D’ailleurs, de nombreux Successeurs évitaient de transmettre les narrations des Compagnons faisant références aux gens du Livre. La meilleure illustration de ce fait est le témoignage d’Abû Hurayrah que ʿAbdullâh Ibn ʿAmr Ibn Al-ʿÂs narrait plus de hadîth que lui (cf. Al-Bukhârî dans son Sahîh). Et malgré cela, les traditions ttransmises d’Ibn ʿAmr sont moins nombreuses que celles venant d’Abû Hurayrah. Cela s’explique par le fait qu’Ibn ʿAmr avait mis la main sur l’équivalent du chargement de deux chameaux en livres des gens du Livre pendant la bataille d’Al-Yarmûk et qu’il en usa par la suite dans ses narrations. C’est pourquoi, certains narrateurs évitèrent de transmettre ses narrations et c’est ce qui explique que l’on ait transmis de lui moins de narrations qu’Abû Hurayrah - que Dieu l’agrée. [5]
A titre d’exemple, on narre que Salamah Ibn Al-Akwaʿ dit au sujet de l’interprétation du passage "Mais pour ceux qui ne pourraient le supporter (qu’avec grande difficulté), il y a une compensation : nourrir un pauvre." [6] que quand ce passage fut révélé, ceux qui voulaient rompre le jeûne et payer une compensation le faisaient jusqu’à ce que le verset suivant fut révélé [il sagit de "Quiconque d’entre vous est présent en ce mois, qu’il jeûne !"] entraînant son abrogation. [7]
Par ailleurs, Al-Bukhârî narre dans son Sahîh d’après Ibn ʿAbbâs que ce verset n’est pas abrogé et qu’il concerne les personnes âgées qui n’ont pas la force de jeûner. Ils doivent donc compenser pour chaque jour de jeûne manqué en nourrissant un pauvre. Ceci est correct tant que l’on interprète "al-itâqah" comme étant la capacité de supporter une chose mais avec grande difficulté comme en témoigne le lectionnaire "yutawwaqûnahu". Mais le lectionnaire le plus répandu témoigne en faveur de la première opinion. Outre que c’est un exemple d’exégèse des Compagnons c’est également une illustration de leurs divergences en matière d’exégèse.

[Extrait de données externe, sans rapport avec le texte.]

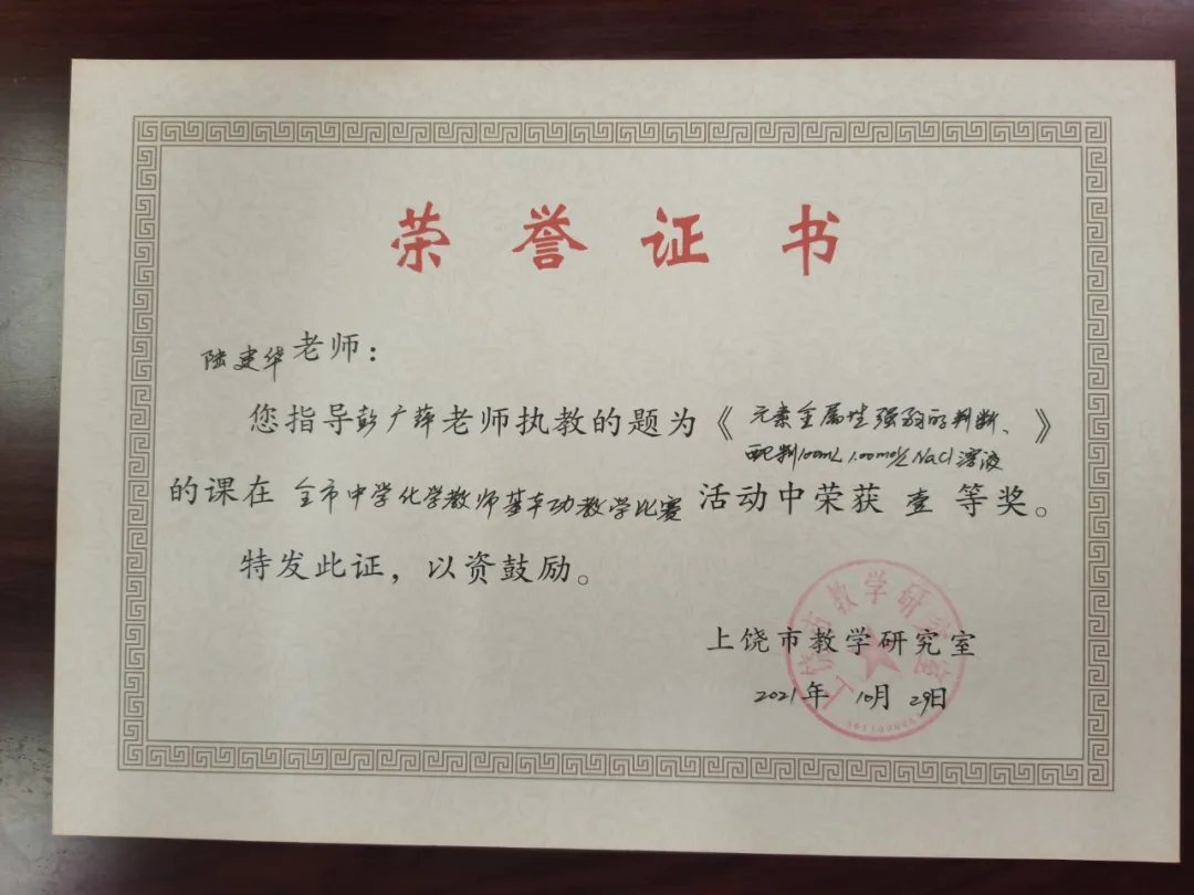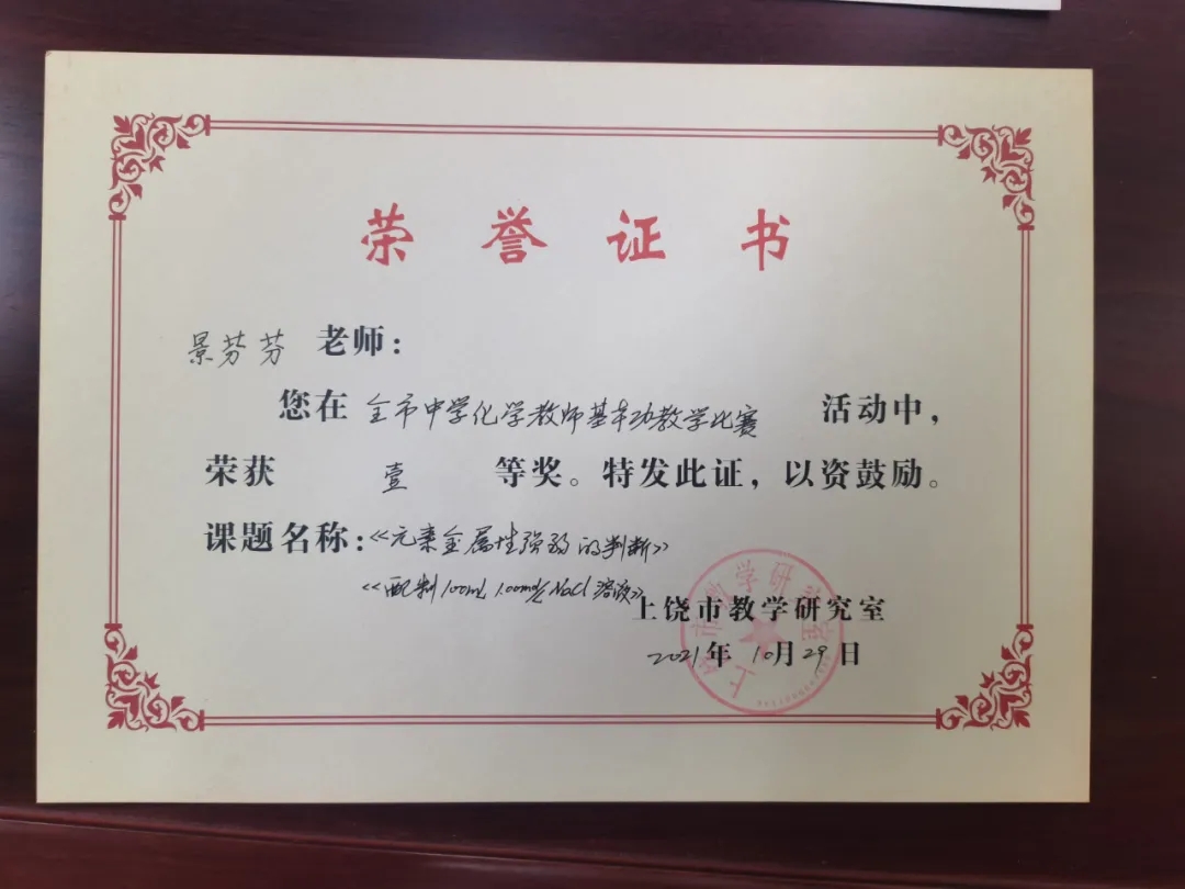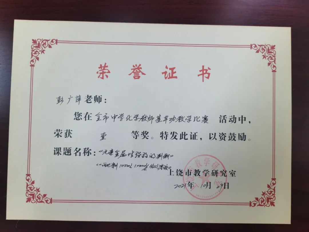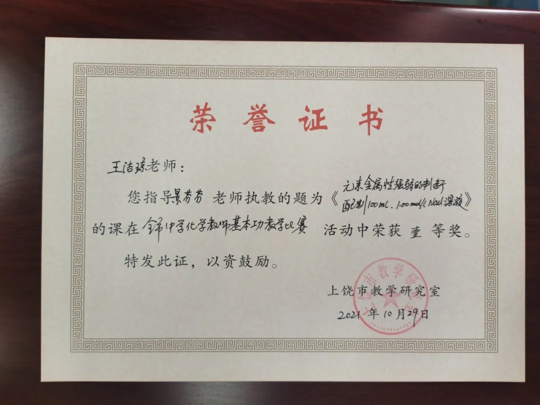 在刚刚结束的2021年上饶市化学教师基本功大赛中,我校景芬芬(指导老师王洁琼)、彭广萍(指导老师陆建华)两位老师均荣获高中组一等奖!
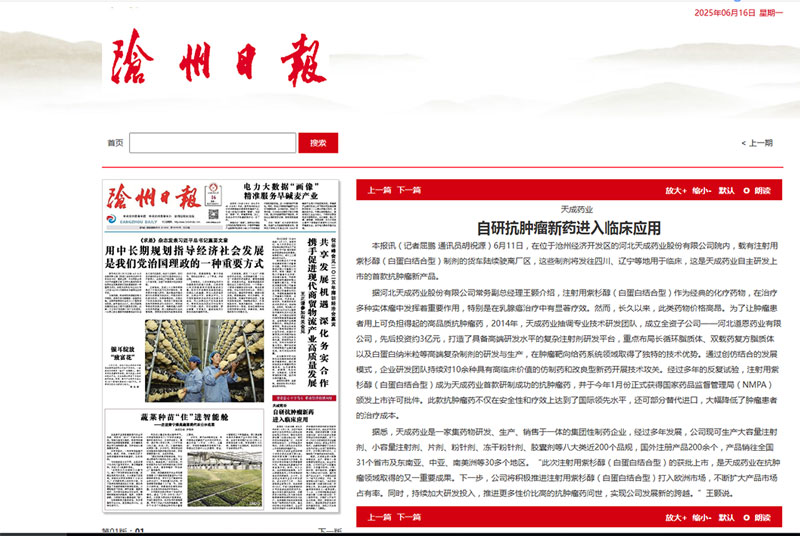 本报讯(记者屈鹏 通讯员胡祝源)6月11日,在位于沧州经济开发区的马博在线登录官网院内,载有注射用紫杉醇(白蛋白结合型)制剂的货车陆续驶离厂区,这些制剂将发往四川、辽宁等地用于临床,这是天成药业自主研发上市的首款抗肿瘤新产品。
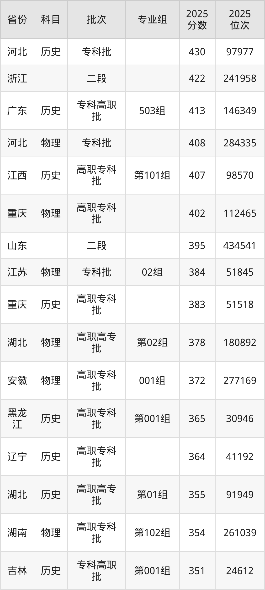 2025年天津国土资源和房屋职业学院全国录取分数线146分到430分,录取最高在河北(历史)、录取最低在新疆(理科)。
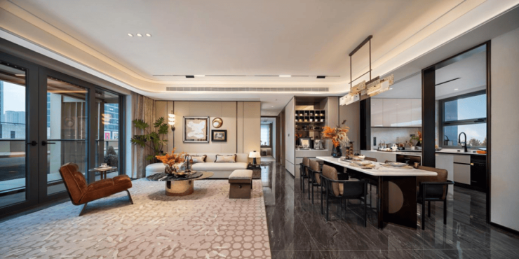 建筑设计:项目规划 20 栋 6-14 层滨水电梯花园洋房,采用全系铝板建筑立面、三玻两腔隔音玻璃,配备劳斯莱斯幻影星空顶地库、地上地下双精装大堂,从府门到入户门设置全程人脸识别等智能化系统。
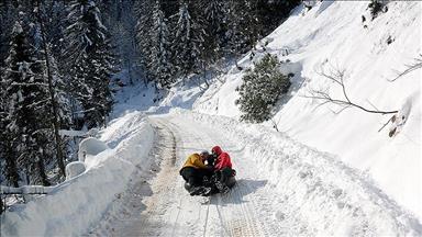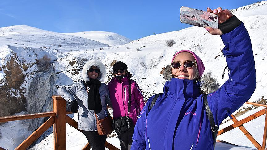 Bölge halkının "Su uçan" olarak adlandırdığı şelalenin, buzla kaplanmasıyla güzel görüntüler meydana geldi. Bazı vatandaşlar şelale önünde fotoğraf çektirdi.
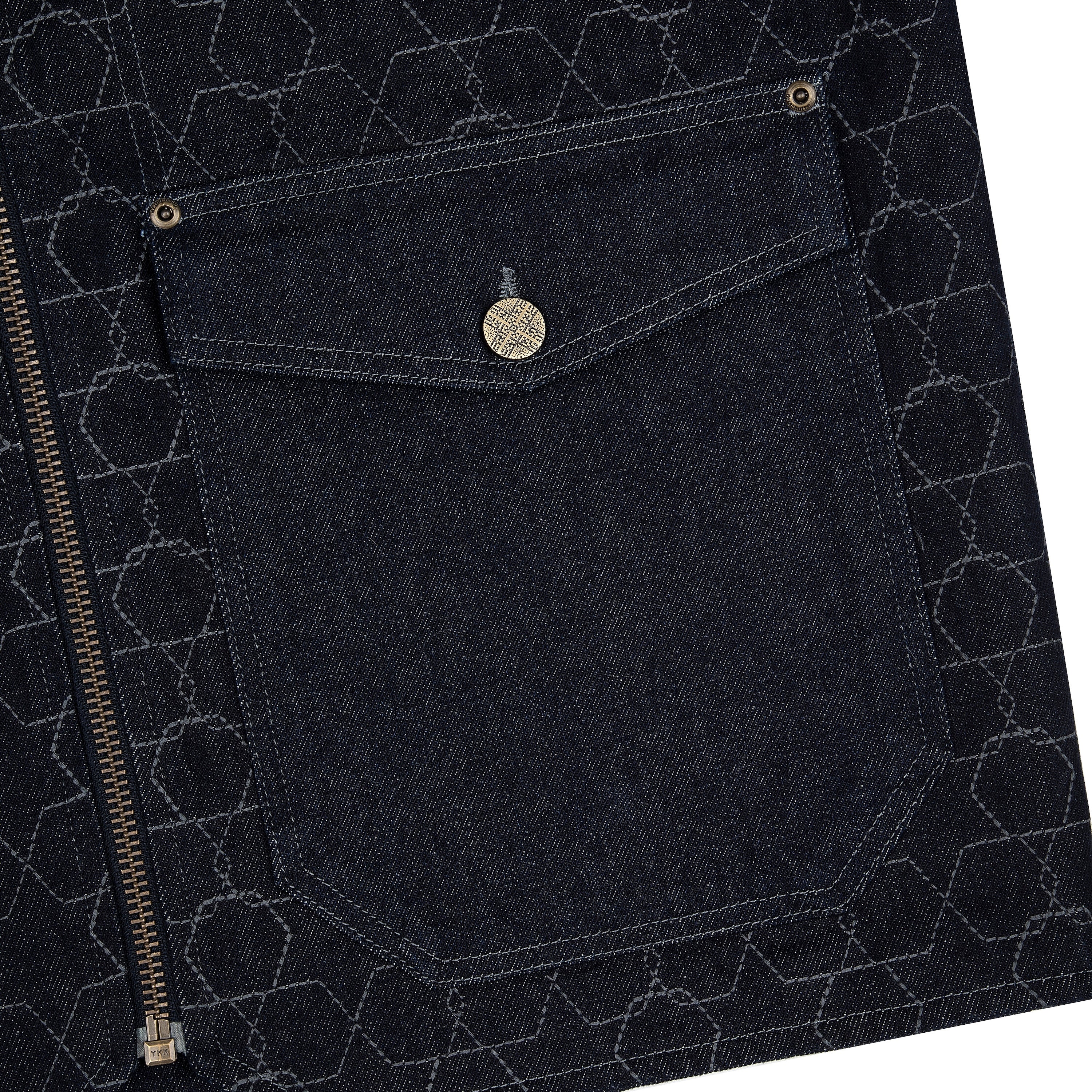 14,5oz denim / 100% cotton / fully capitone patterned embroidered denim / embroidery on back / custom buttons / fits true to size

De même, on narre au sujet de la Parole du très Haut "Ceux qui ont mécru, n’ont-ils pas vu que les cieux et la terre formaient une masse compacte (ratqan) ? Ensuite Nous les avons déchirés et fait de l’eau toute chose vivante. Ne croiront-ils donc pas ? " [8] qu’Ibn ʿAbbâs dit : "Le ciel était une masse compacte, il ne pleuvait guère. La terre était une masse compacte, rien n’y poussait. Alors, Dieu déchira l’une et fit descendre la pluie, et Il déchira l’autre en faisant pousser des plantes." Celui qui avait interrogé Ibn ʿAbbâs retourna auprès d’Ibn ʿUmar et lui relata les dires d’Ibn ʿAbbâs. Ibn ʿUmar dit : "Auparavant, je trouvais Ibn ʿAbbâs trop audacieux dans l’intrprétation du Coran et cela me déplaisait. Mais maintenant, j’ai la certitude qu’il possède une science." Extrait par Abû Nuʿaym dans Hilyat Al-Awliyâ’ et narré par As-Suyûtî dans Al-Itqân. [9]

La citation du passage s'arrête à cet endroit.